CO is a by-product of burning a fossil fuel and is an indication of fuel mixture strength. A rich mixture will have a comparatively higher CO exhaust gas content.
HC is unburnt fuel, which can be from incomplete combustion.
So back to fuel trim and the catalytic converter needs the engine to be running at a close to stoichiometric air-to-fuel ratio. This is approximately 14.7 parts of air to 1 part of fuel by mass, i.e. 14.7:1 as a ratio.
However to reduce the NOx gases the system has to operate slightly rich of the stoichiometric ratio to provide CO which creates the following chemical reaction (simplified):
- NOx + CO = N2 (Nitrogen) and CO2 (carbon dioxide)
The system is also required to operate slightly lean of the stoichiometric ratio to provide O2 (oxygen) which creates the following chemical reaction (simplified):
- CO + O2 = CO2
- HC + O2 = CO2 and H2O (water)
So from these examples it is apparent that the fuel system must be capable of “swinging” between rich and lean close to the stoichiometric ratio. This is where the term lambda window comes into play.
The pre-cat (upstream) oxygen sensor provides the feedback information for calculating the amount of fuel required. The control module increases or decreases the injection duration depending on this information. This is referred to as short-term fuel trim (STFT).
The long-term fuel trim (LTFT) is a stored value which accounts for changes in engine condition, wear and tear, etc. The purpose of the LTFT is to get the air/fuel ratio back to stoichiometric (in the event of a fault/normal wear) so the STFT can again cycle between rich and lean operating conditions.
The STFT returns to zero after the engine is switched off.

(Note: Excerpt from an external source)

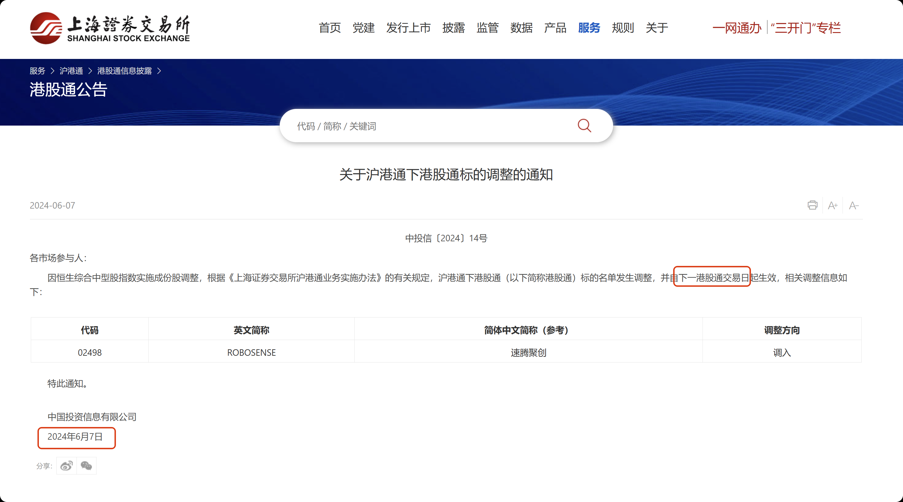 速腾聚创2024年1月5日上市,上市首日超百亿市值。在恒指公司3月31日“季度快速纳入”的检讨中符合标准,纳入恒生综指。5月17日恒指公司宣布。6月7日被沪深交易所宣布入通,6月11日正式入通。

This data is held in the volatile memory of the control module, whereas the LTFT is constantly held in the non-volatile memory.
A final point to note is the both fuel trims are additive, as in:
- STFT + LTFT = total fuel correction
- STFT (+5%) + LTFT (-10%) = total correction of -5%
This means the control module is reducing the fuel injection by 5% from the basic map for that particular operating condition.
So if the basic injection duration map at idle with the engine running at operating temperature is 3 milliseconds then a fuel correction of -5% means the injection duration will now be 2.85 milliseconds. This tells us that the engine is running slightly rich because the instruction is to reduce the fuel injection quantity.
A positive fuel trim value means the system is running lean and fuel needs to be added to the basic map.
The image above shows a faulty mass airflow meter fitted to a 2004 Opel/Vauxhall Vectra Z16XE. The yellow trace is the mass airflow meter (MAF) signal and the green trace is the pre-catalyst exhaust gas oxygen sensor.
The first concern is the wave type pattern observed from the MAF signal at idle (1). This indicates a potential concern with the MAF sensor. The ideal condition to test a MAF sensor is under wide open throttle conditions, so the throttle is snapped open.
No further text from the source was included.